Received: 23/11/2023
Accepted : 29/01/2024
In Press: 05/04/2024

Abstract

OBJECTIVES:
Patients with rheumatoid arthritis (RA) have been found to have a higher cardiovascular disease (CVD) burden. We aimed to examine the associations between Life’s Essential 8 (LE8), a metric of cardiovascular health (CVH) recently proposed by the American Heart Association, and all-cause and CVD mortality in RA patients.
METHODS:
This prospective cohort study analysed RA patients from the National Health and Nutrition Examination Survey 2005–2018 with linked mortality data through December 31, 2019. Total LE8 scores were calculated and divided into the high- (LE8 80–100), moderate- (LE8 50–79), and low-CVH (LE8 0–49) groups.
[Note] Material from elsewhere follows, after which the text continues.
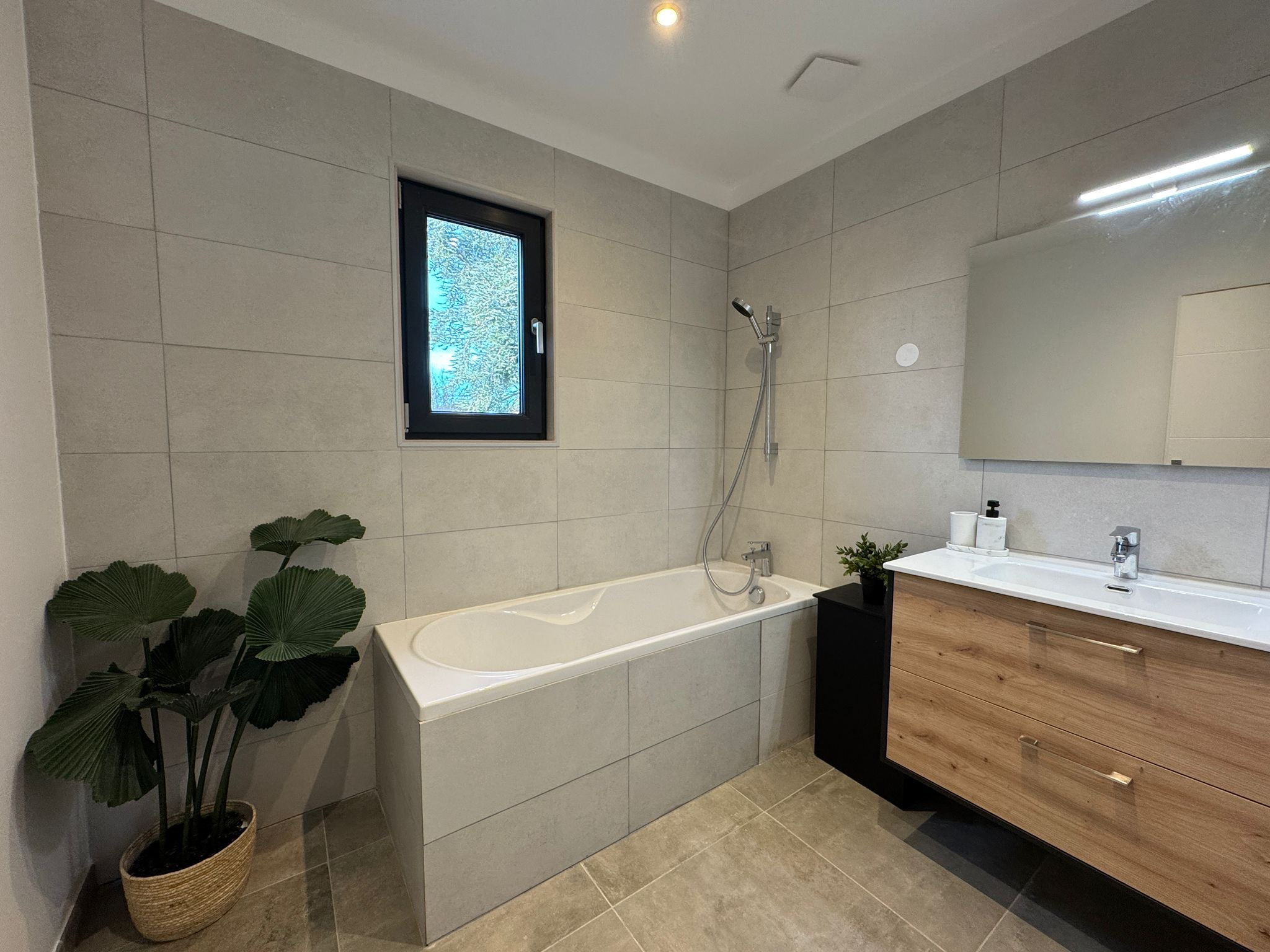 ...Côté nord, un jardin clos, arboré et piscinable...

Weighted multivariable Cox regression, logistic regression and restricted cubic spline models were applied to explore the association between LE8 and outcomes.
RESULTS:
A total of 1424 RA patients were enrolled with a weighted mean age of 57.87 years and female proportion of 58.94%. During a median follow-up of 82 months, 270 all-cause (85 CVD) deaths were recorded. Compared with the high-CVH group, participants in the moderate- and low-CVH groups had an 85.8% and 129.5% increased risk of all-cause mortality, respectively. After adjustment for potential confounders, each 1 point decrease in LE8 score was associated with a 2.6% increased risk of CVD mortality. Subgroup analyses showed significant interactions between LE8 score and non-Hispanic white population with risk of all-cause mortality. The results were robust for all-cause mortality, but not for CVD mortality in the sensitivity analysis.
CONCLUSIONS:
CVH measured by the LE8 score is a robust and independent predictor of all-cause mortality among U.S. RA patients.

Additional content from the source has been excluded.